Support Vector Machines

Classification

Model

High Level Idea of SVMs

Functional Margin

Definition: $\hat \gamma^{(i)} = y^{(i)}(w^Tx + b)$ Some Observations:

If $y^{(i)} = 1$, the larger $w^Tx + b$ is, the larger the functional margin will be.
The value of $\hat \gamma$ is affected by the scale of $w$ and $b$; therefore, it is reasonable to introduce normalization.

Functional Margin for a dataset with $m$ instances: $\hat \gamma = \min_{i=1,...,m} \hat \gamma^{(i)}$ Geometric Margin

Geometric Margin (Original Graph: http://cs229.stanford.edu/notes/cs229-notes3.pdf)

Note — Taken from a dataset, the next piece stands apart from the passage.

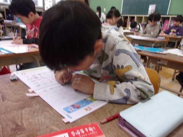 「はね」「とめ」「はらい」を意識し、ゆっくりと取り組む中で、「きれいに書けた!」と嬉しそうな声も聞こえてきました。1年生のこれまでの学習の積み重ねが感じられる、がんばりいっぱいの時間となりました。

$\gamma^{(i)} = \frac{w^Tx^{(i)} + b}{\Vert w \Vert} = \left(\frac{w}{\Vert w \Vert} \right)^T x^{(i)} + \frac{b}{\Vert w \Vert}$

Define the geometric margin of ($w$, $b$) with respect to a training example ($x^{(i)}$, $y^{(i)}$): $\gamma^{(i)} = y^{(i)}\left(\left(\frac{w}{\Vert w \Vert}\right)^Tx^{(i)} + \frac{b}{\Vert w \Vert}\right)$

Geometric Margin for a dataset with $m$ instances: $\gamma = \min_{i=1,...,m} \gamma^{(i)}$

Training

To train SVM, it is equivalent to find a hyperplane that can achieves the maximum geometric margin

$\begin{equation*} \begin{aligned} & \underset{\gamma, w, b}{\text{maximize}} & & \gamma \\ & \text{s.t.} & & y^{(i)}(w^Tx^{(i)} + b) \geqslant \gamma\text{, } i=1,...,m, \\ &&& \Vert w \Vert = 1. \end{aligned} \end{equation*}$

Since "$\Vert w \Vert = 1$" is a non-convex constraint, transform the problem into the following:

$\begin{equation*} \begin{aligned} & \underset{\gamma, w, b}{\text{maximize}} & & \frac{\hat \gamma}{\Vert w \Vert} \\ & \text{s.t.} & & y^{(i)}(w^Tx^{(i)} + b) \geqslant \hat \gamma\text{, } i=1,...,m, \\ \end{aligned} \end{equation*}$

Introduce the scaling constraint that the functional margin of $w, b$ with respect to the training set must be 1. That is, $\hat \gamma = 1$. The problem has become a convex quadratic objective with linear constraints and its solution gives use the optimal margin classifier.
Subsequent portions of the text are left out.